На последнем перегоне назначенный нам возчик долго ладил телегу, вздыхал, шептался с бабой. Менял новые колеса на старые, ременные вожжи на мочальные, обрядился в худой армяк и подковыренные лапти и наконец, нахлобучив дырявую шапчонку, хлыстнул немудрящую клячку, и мы поехали.
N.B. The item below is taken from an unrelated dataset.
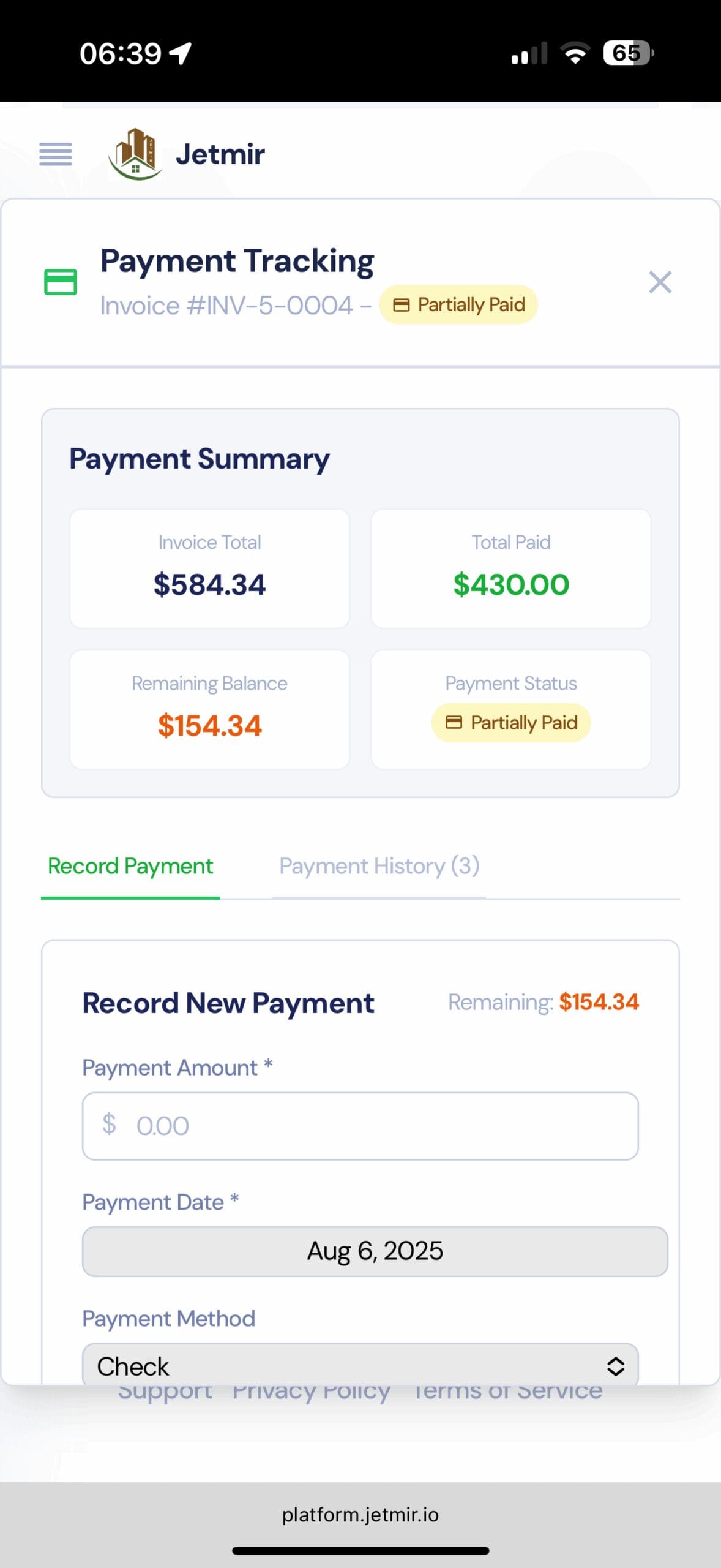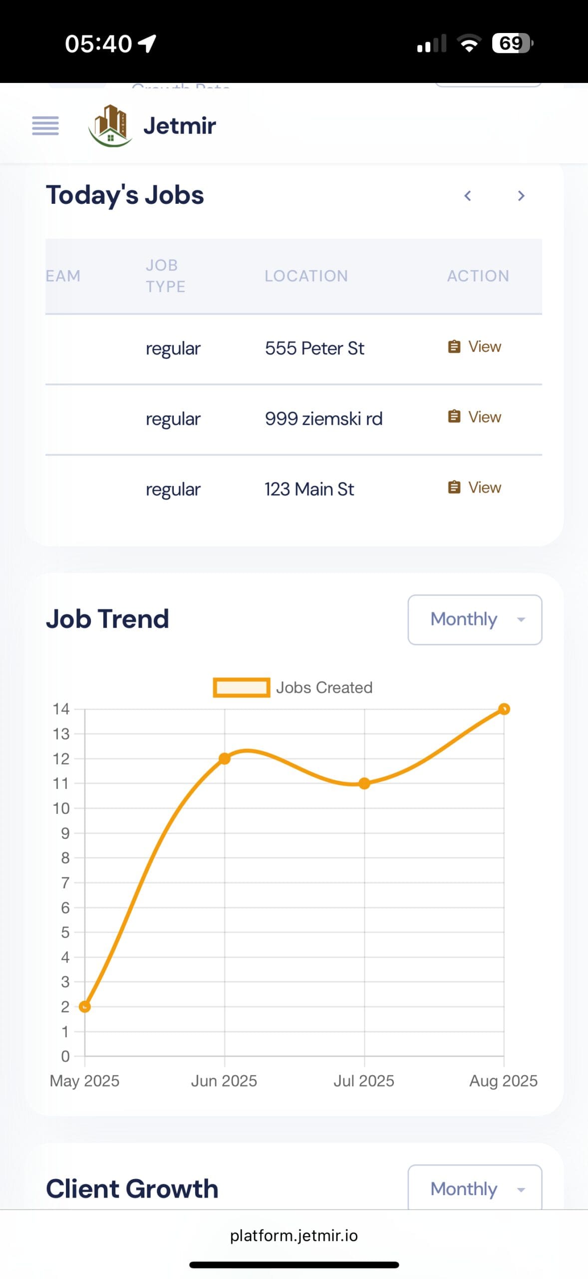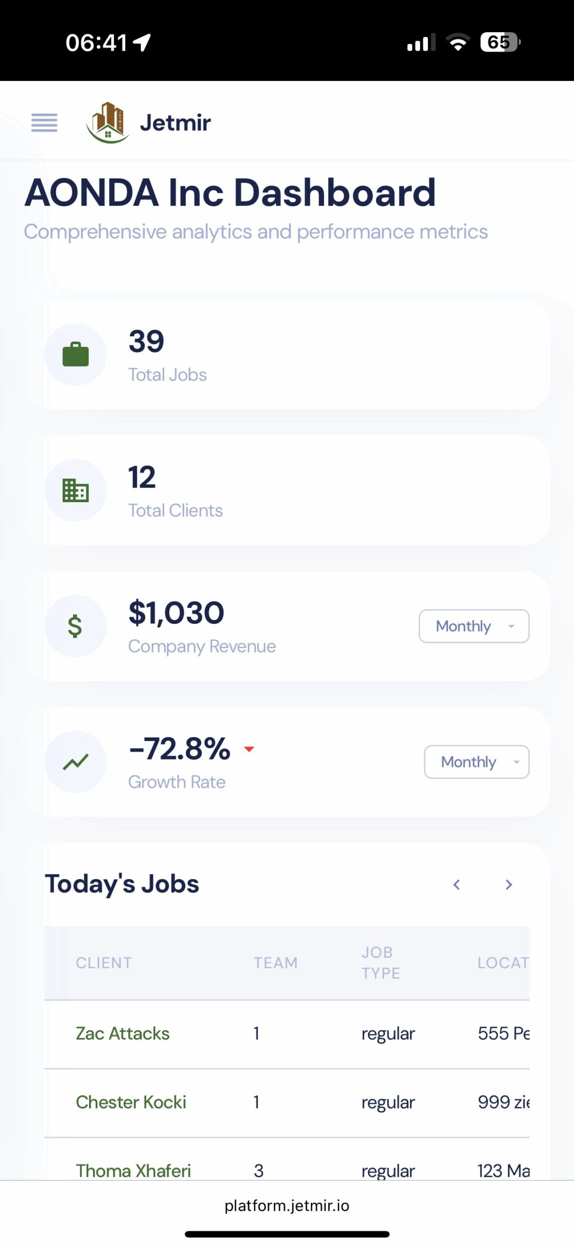 We have several improvements in progress. One of them is to build a vehicle tracking system in order to also manage effectively your trucks and your mobile team. We are also working on integrating with several third party providers such as Quickbooks in order to facilitate accounting practices. We're also working on better reporting and exporting capabilities within Jetmir. If you have suggestions for us to consider, we look forward to hear from you via the "Feedback" menu item once you sign-in to your Jetmir account.

Ехал он не торопясь, как за смертью. А как въехали в лес, все чаще стал оглядываться. И когда подошла гать - узкий бревенчатый настил в один следок, - вдруг соскочил с телеги и, передавая Сережке вожжи, сказал:
- Тут теперь все пряменько, не собьешься. Погоняй! Погоняй, милок, погоняй… Я чуток промнуся.
И не успели мы оглянуться, как он исчез, словно леший.
- Вот тебе и промялся! - сказал Сергей.
А в лесу в ответ как захохочут.
- Ничего, - сказал я, ощупывая в кармане наган, - это филин.
- Куда же мы без мужика лошадь-то денем? - оглянулся Сережка.
- Сдадим в сельсовет, и ладно, - ответил я, стуча зубами от нестерпимой тряски. (Бревна гати ходили под колесами телеги, как живые.)
- Ну и местность! - вздохнул Сережка, оглядывая заболоченный лес с сухими рогатыми деревьями.
- Одно слово - разбойная. Вон смотри - и часовенка на родничке "угодниковы слезки"…
Из-под старинного черного сруба, украшенного покривившимся крестом, вытекал ржавый ручеек и, просачиваясь под гатью, бежал к большущему ореховому кусту.
Глянул я и обмер. На нем не то сорока качается, не то полосатый колпак с кисточкой!
Сгоряча хлыстнул я конягу что есть силы. Она подскочила со всех четырех ног, как-то дуром рванув телегу в сторону, и телега, соскочив с гати, влипла в трясину по самые ступицы.
С испугу мы подобрали ноги и некоторое время сидели молча, боясь слезть с телеги. Лошаденка наша испуганно прядала ушами и вдруг заржала так жалобно, что у меня сердце сжалось.
В ответ на ее ржанье ореховый куст зашумел, заколебался, из-за него вырос громадный детина, без шапки, в домотканой свитке, лихо накинутой на одно плечо. Оглядев нас сверху, спросил басовито:
- Гей, что за люди? Куда путь держите?
- Из города мы… В Сшиби-Колпачок! - ответил я, взводя курок нагана прямо в кармане.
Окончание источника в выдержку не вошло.